Schellman becomes first U.S. MTCS certifier

Schellman is now the first U.S.-based firm accredited to deliver Singapore’s MTCS cloud security certification, joining just seven global providers. The accreditation expands its international capabilities and allows cloud providers to validate strong cybersecurity controls, meet Singapore’s regulatory standards and strengthen trust with partners in the region.

CRYPTO

U.S. joins global crypto reporting framework

The United States, alongside over 70 countries, has committed to the OECD's Crypto-Asset Reporting Framework (CARF). This framework aims to enhance transparency in digital asset reporting, similar to the Common Reporting Standard.
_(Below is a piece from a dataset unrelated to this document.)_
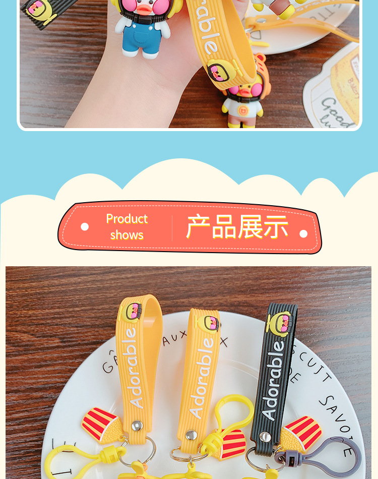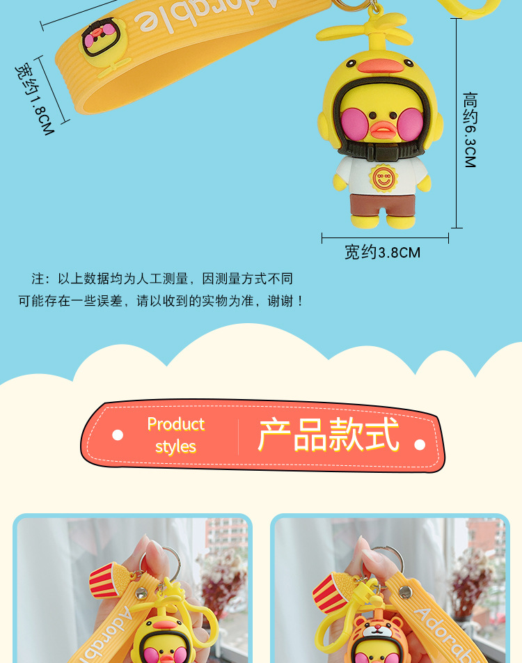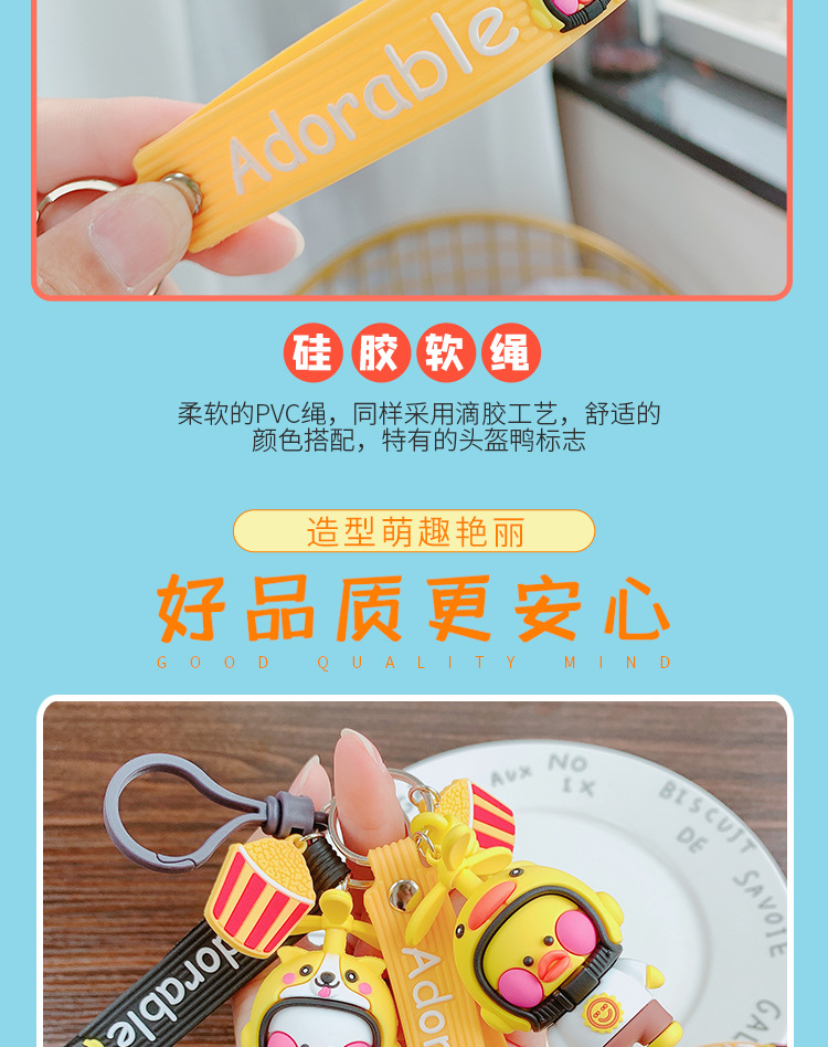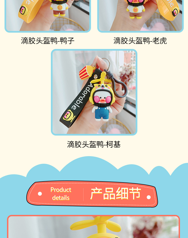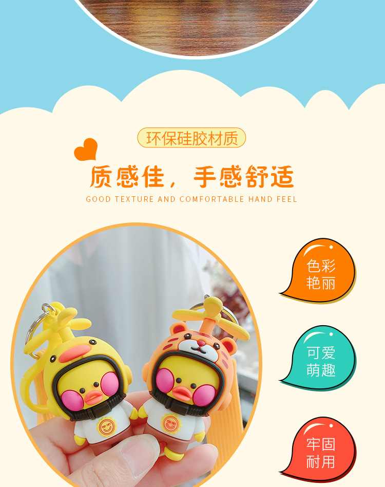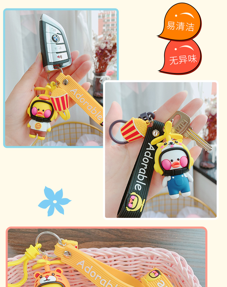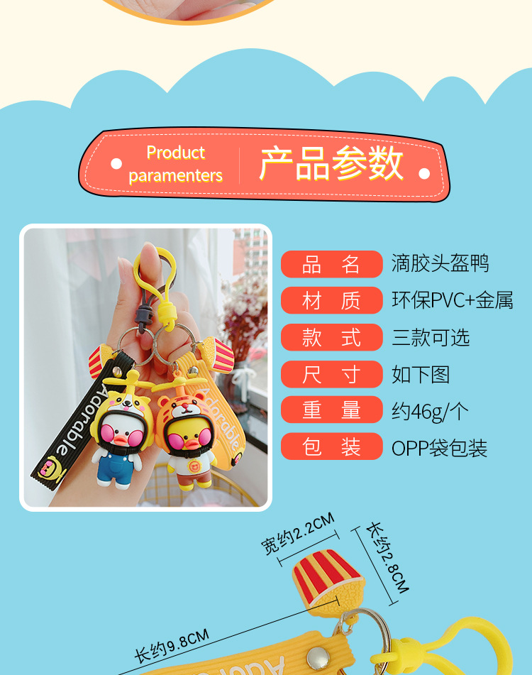 Wholesale of popular helmet duck cartoon keychains, cute car key pendants, creative girls' schoolbag pendants and gifts

The US Treasury has submitted regulations to implement CARF by 2029, requiring foreign crypto exchanges to report U.S. account holders to the IRS. Currently, the IRS lacks visibility into foreign crypto accounts, but CARF will address this gap.

INTERNATIONAL

Billionaire Thaksin Shinawatra ordered to pay $542m tax bill

Thailand's Supreme Court has ordered billionaire Thaksin Shinawatra to pay 17.6bn baht ($542m) in taxes and fines related to the 2006 sale of his company, Shin Corp, to Temasek. The ruling overturns previous decisions by the Central Tax Court and the Special Appeals Court. Thaksin, a former Prime Minister, is currently in jail for corruption and abuse of power. Thaksin's net worth is estimated at $2.1bn.

AND FINALLY...

Luxury shoppers rebel against price hikes

Global sales of personal luxury goods are projected to decline for the second consecutive year, dropping 2% to €358bn in 2024, according to Bain & Co.'s latest report. This marks the first two-year slowdown since the 2008-09 financial crisis. Claudia D'Arpizio, a Bain partner, noted that consumers are opting for more accessible brands, seeking ethical value rather than luxury. The U.S. market is expected to remain flat, while Europe and China face contractions. High-net-worth individuals are proving the most resilient in their consumption habits.